Paket Kebijakan Antikorupsi Jokowi
Tahun 2016 menunjukkan mulai adanya perhatian khusus dari Presiden Joko Widodo terhadap upaya pemberantasan korupsi. Tercatat ada dua gebrakan penting yang dilakukan Presiden. Pertama, kebijakan anti-pungutan liar melalui pembentukan tim Sapu Bersih Pungutan Liar (Saber Pungli). Kedua, kebijakan pencegahan korupsi dalam birokrasi yang ditetapkan melalui Instruksi Presiden Nomor 10 Tahun 2016. Dua kebijakan tersebut cukup mampu menambah kekuatan negara melawan kejahatan korupsi.
Tim Saber Pungli hingga saat ini telah melakukan 41 operasi tangkap tangan bukan hanya dalam kasus kecil, tapi juga yang berskala besar. Sudah puluhan aparat pemerintah yang diproses hukum. Jumlah pengaduan masyarakat yang diterima tim ini sangat tinggi, mencapai 17.600. Yang paling banyak adalah perkara pelayanan publik berupa pengurusan administrasi perizinan, pembuatan surat dan sertifikat, serta pengurusan paspor. Memang, sejak awal fokus tim ini adalah korupsi dalam pelayanan publik.

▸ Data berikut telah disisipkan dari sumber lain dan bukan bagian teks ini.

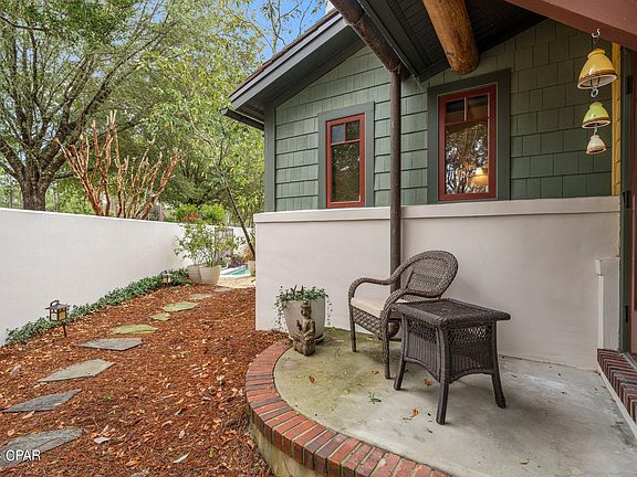 A rare find at 1313 Salamander Trail, tucked behind a privacy wall and lush landscaping with a private, wooded backyard. Enjoy days by the pool and evenings on the patio. This 4 bedroom home offers plenty of space for entertaining and living. The primary bedroom offers a large open floorplan and an updated bathroom with a tile shower and soaking tub. Hardwood floors throughout the main living space and new carpet in the upstairs bedrooms. Additional space off one of the bedrooms has been utilized as a small workout area. Wild Heron is a coastal sanctuary with resort style amenities. Surrounded by lush landscaping & lots of wildlife. Home to the award-winning Sharks Tooth golf course, accessible with a Watersound Club membership. Just a short drive to ECP airport, 30A and Pier Park. LOCATION LOCATION LOCATION!!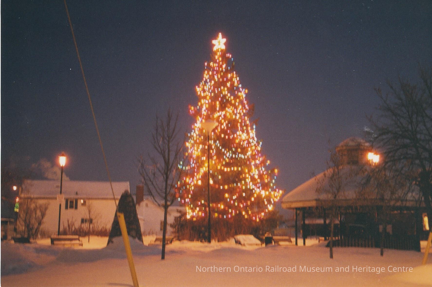 Colour photograph of a tree decorated with coloured lights and a star on top. Tree stands to the right of a gazebo. Ground is covered in snow. Photograph taken at night.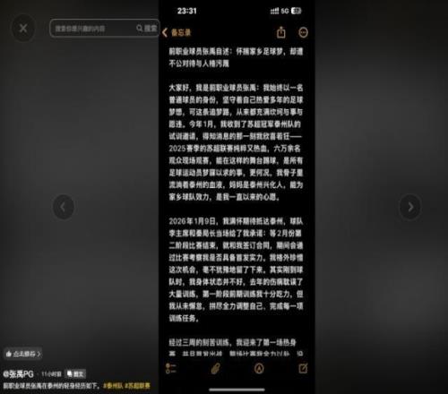 4月16日凌晨,前中超河北隊球員張禹在社媒發(fā)布長文,稱在蘇超泰州隊試訓(xùn)時遭到了不公正的對待,還透露主教練對其辱罵、造謠、惡意侮辱。

Tim ini juga berhasil menangkap pelaku mafia hukum, yakni seorang perwira menengah polisi yang diduga menerima suap terkait dengan pengusutan sebuah perkara di kepolisian dan seorang jaksa di Jawa Timur yang diduga menerima suap atas perkara yang ditanganinya. Dalam kasus ini, apresiasi patut diberikan kepada KPK, yang membantu pengungkapan permainan mafia hukum tersebut.
Catatan kinerja positif tim Saber Pungli menunjukkan bahwa tim ini cukup berhasil memperkuat efektivitas penegakan hukum, khususnya terhadap tipe korupsi administratif yang biasanya terjadi di sektor pelayanan publik. Tipe korupsi ini menimbulkan kerugian yang mungkin secara nominal kecil, tapi tersebar di banyak unit pemerintahan, dari pemerintah pusat sampai unit terkecil di kelurahan atau pemerintah desa. Jika pungli tidak dibasmi, pemerintah menjadi tidak efektif dan dinilai korup, sementara masyarakat akan dirugikan.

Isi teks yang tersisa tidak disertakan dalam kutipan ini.